[TO DO]
Using the data that follows, output only the lines from the line with "전체 구성원의 출퇴근 정보가 날짜별로 노출됩니다." up to and including the line with "اصدرت هيئة الأرصاد", exactly, leaving pictures aside.

···

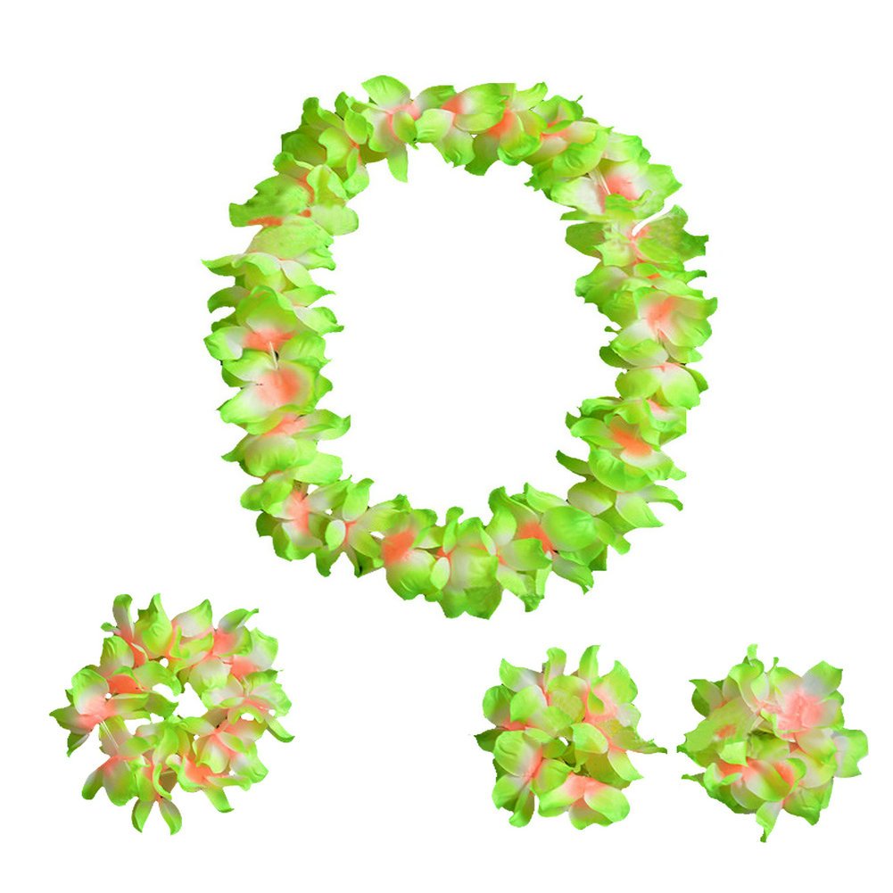 This tropical dancer set includes skirt, pair of flower bracelets, flower headband and flower necklace.
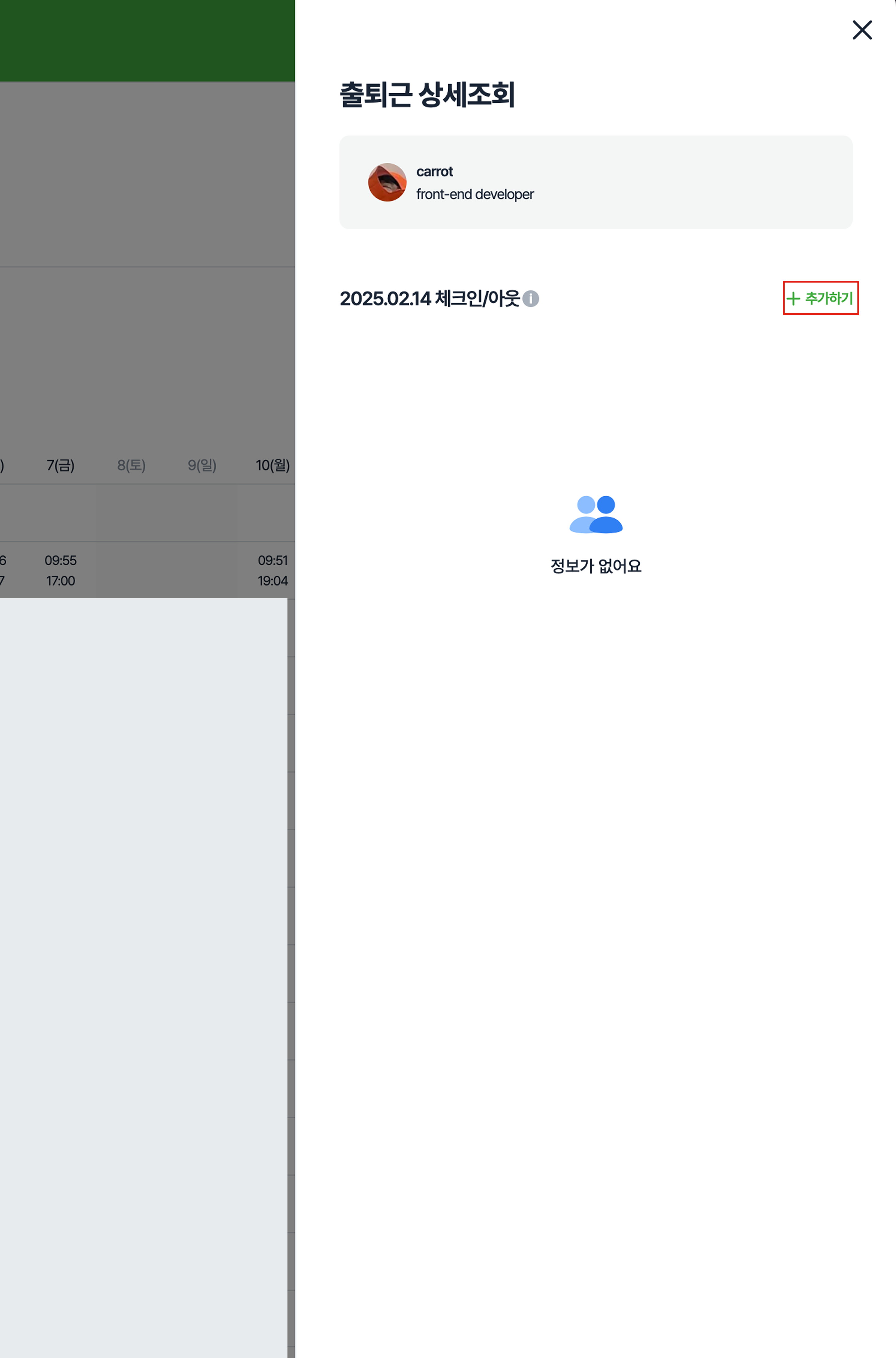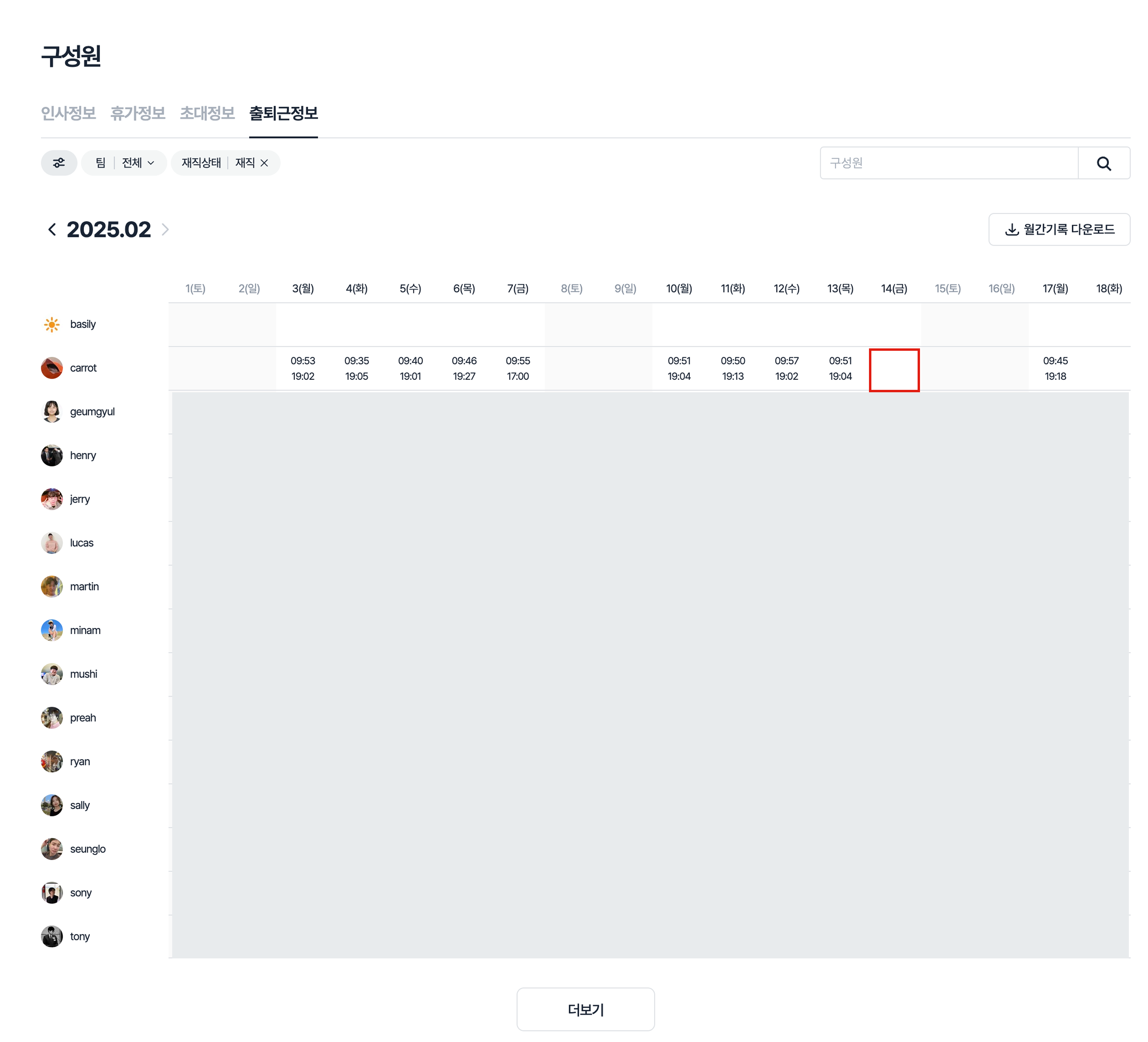 전체 구성원의 출퇴근 정보가 날짜별로 노출됩니다.
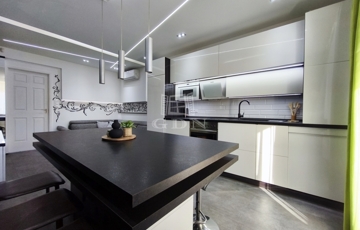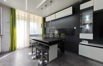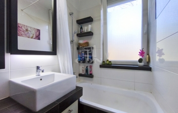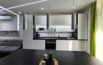 A gépesített, beépített konyha sütővel, hűtőszekrénnyel, mikrohullámú sütővel és kivezetett szagelszívóval felszerelt, így a lakás azonnal költözhető.
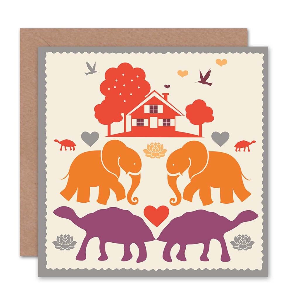 Elephants Tortoise House Blank Greeting Card With Envelope
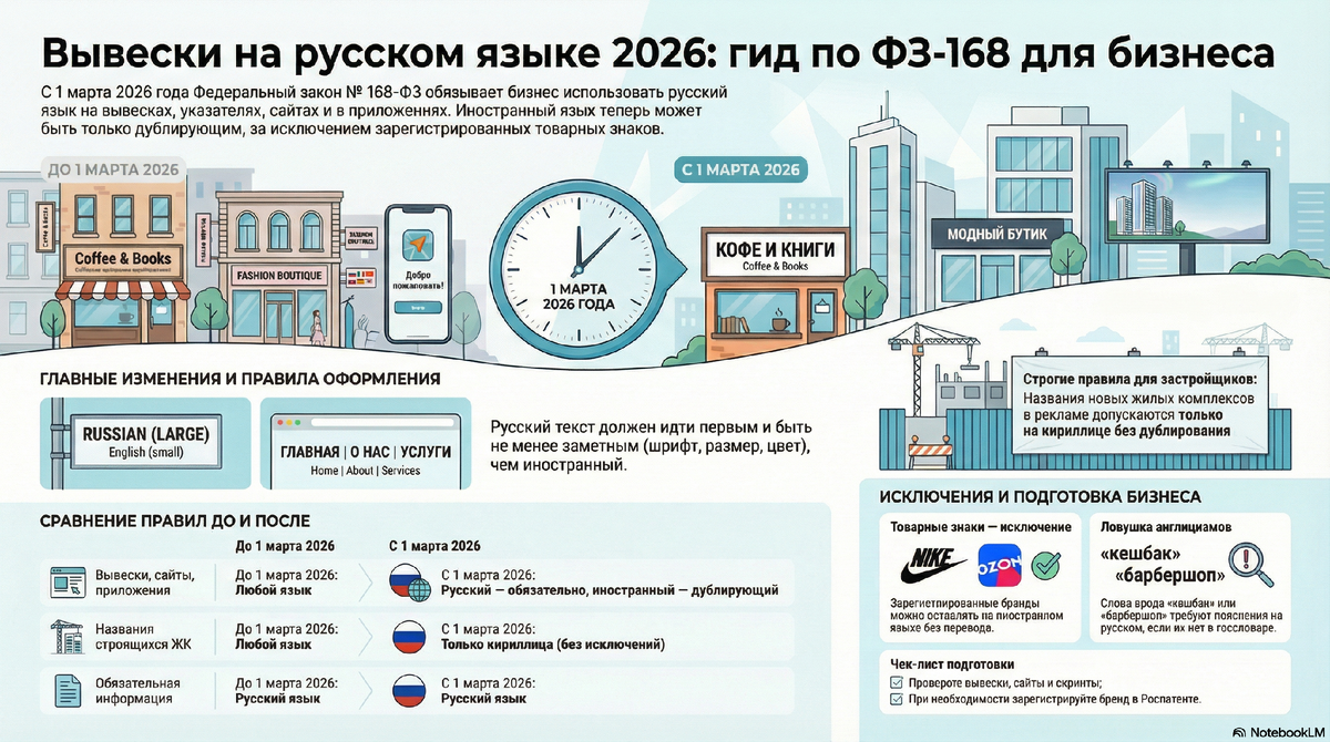 С 1 марта 2026 года вступает в силу Федеральный закон № 168-ФЗ, который радикально меняет облик российских городов. Если раньше предприниматели могли безнаказанно использовать латиницу для привлечения внимания, то теперь государственным приоритетом становится защита права граждан на информацию на родном языке. Реформа охватывает не только фасадные таблички. Под новые правила попадает любая информация, направленная на потребителя. Это означает, что «цифровая витрина» приравнивается к реальной. Закон оставляет лазейку для тех, кто не готов расставаться с западным стилем. Латиница разрешена в двух случаях: Важно для малого бизнеса: Индивидуальные предприниматели лишены права на «фирменное наименование». Для них единственный законный способ сохранить английское название на вывеске — это регистрация товарного знака в Роспатенте. Учитывая, что процедура длится около года, подавать документы нужно уже сейчас. Если вы используете иностранное слово (не являющееся брендом), его обязан сопровожда
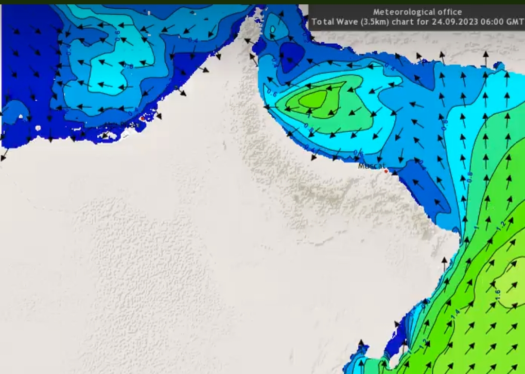 اصدرت هيئة الأرصاد الجوية عبر حسابها الرسمي على موقع التواصل الاجتماعي اكس تنبيهًا بارتفاع موج البحر إلى متوسط الموج (مترين) على سواحل محافظة مسندم وسواحل بحر العرب ويكون هادئ\متوسط الموج (1.25-1.5) متر على أجزاء من سواحل بحر عمان يوم غد الأحد.
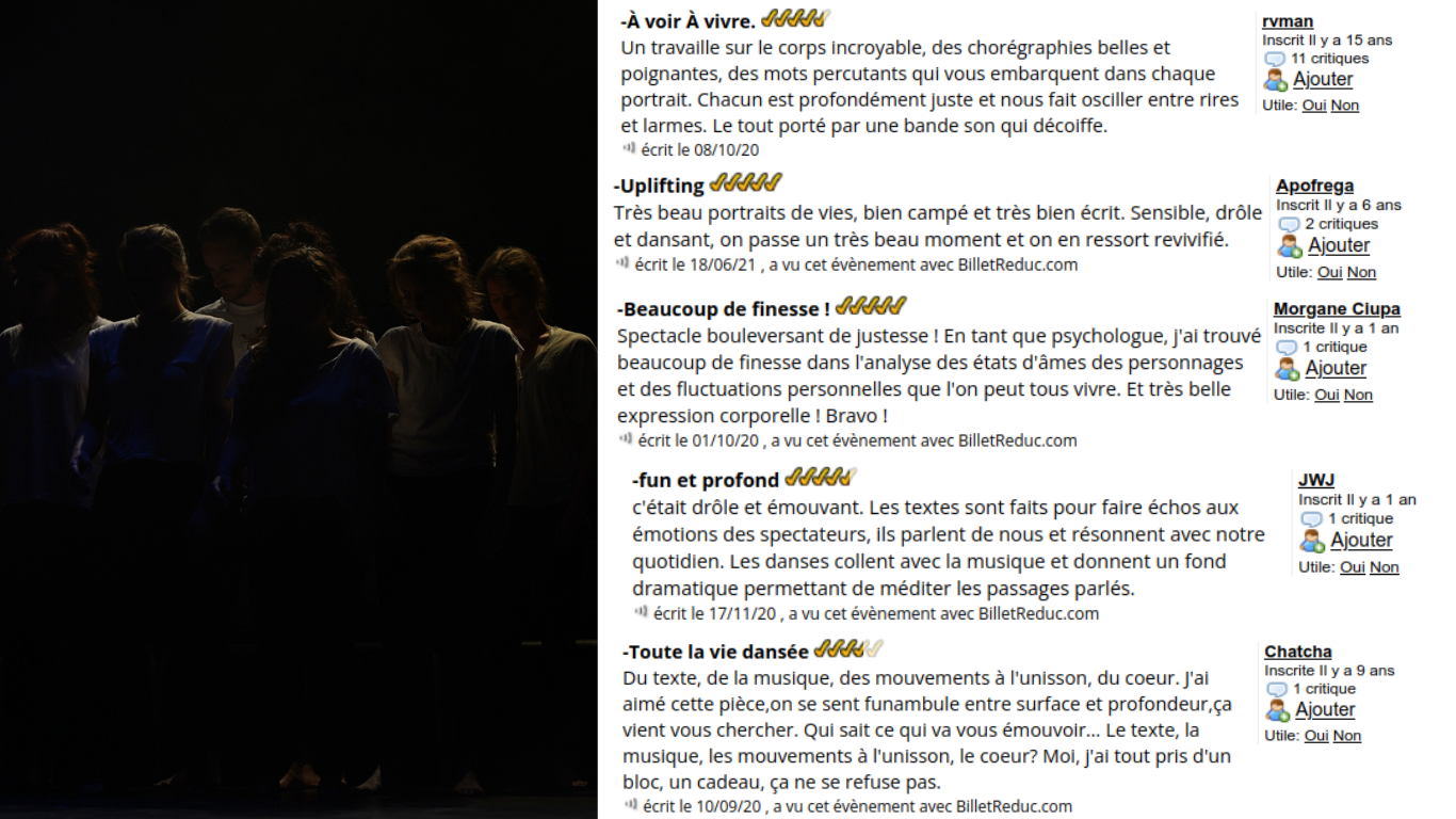 Cette pièce raconte la vie, la vraie, avec ses failles, ses forces, ses moments de joie et de tristesse. Les personnages nous parlent d’eux et à travers leurs récits, il parle de quelque chose d'universelle. Les textes nous questionne sur notre rapport à nos pensées, notre vécu, elle nous invite à réfléchir à nos comportements

···

[EXERCISE OUTPUT]
 전체 구성원의 출퇴근 정보가 날짜별로 노출됩니다.
 A gépesített, beépített konyha sütővel, hűtőszekrénnyel, mikrohullámú sütővel és kivezetett szagelszívóval felszerelt, így a lakás azonnal költözhető.
 Elephants Tortoise House Blank Greeting Card With Envelope
 С 1 марта 2026 года вступает в силу Федеральный закон № 168-ФЗ, который радикально меняет облик российских городов. Если раньше предприниматели могли безнаказанно использовать латиницу для привлечения внимания, то теперь государственным приоритетом становится защита права граждан на информацию на родном языке. Реформа охватывает не только фасадные таблички. Под новые правила попадает любая информация, направленная на потребителя. Это означает, что «цифровая витрина» приравнивается к реальной. Закон оставляет лазейку для тех, кто не готов расставаться с западным стилем. Латиница разрешена в двух случаях: Важно для малого бизнеса: Индивидуальные предприниматели лишены права на «фирменное наименование». Для них единственный законный способ сохранить английское название на вывеске — это регистрация товарного знака в Роспатенте. Учитывая, что процедура длится около года, подавать документы нужно уже сейчас. Если вы используете иностранное слово (не являющееся брендом), его обязан сопровожда
 اصدرت هيئة الأرصاد الجوية عبر حسابها الرسمي على موقع التواصل الاجتماعي اكس تنبيهًا بارتفاع موج البحر إلى متوسط الموج (مترين) على سواحل محافظة مسندم وسواحل بحر العرب ويكون هادئ\متوسط الموج (1.25-1.5) متر على أجزاء من سواحل بحر عمان يوم غد الأحد.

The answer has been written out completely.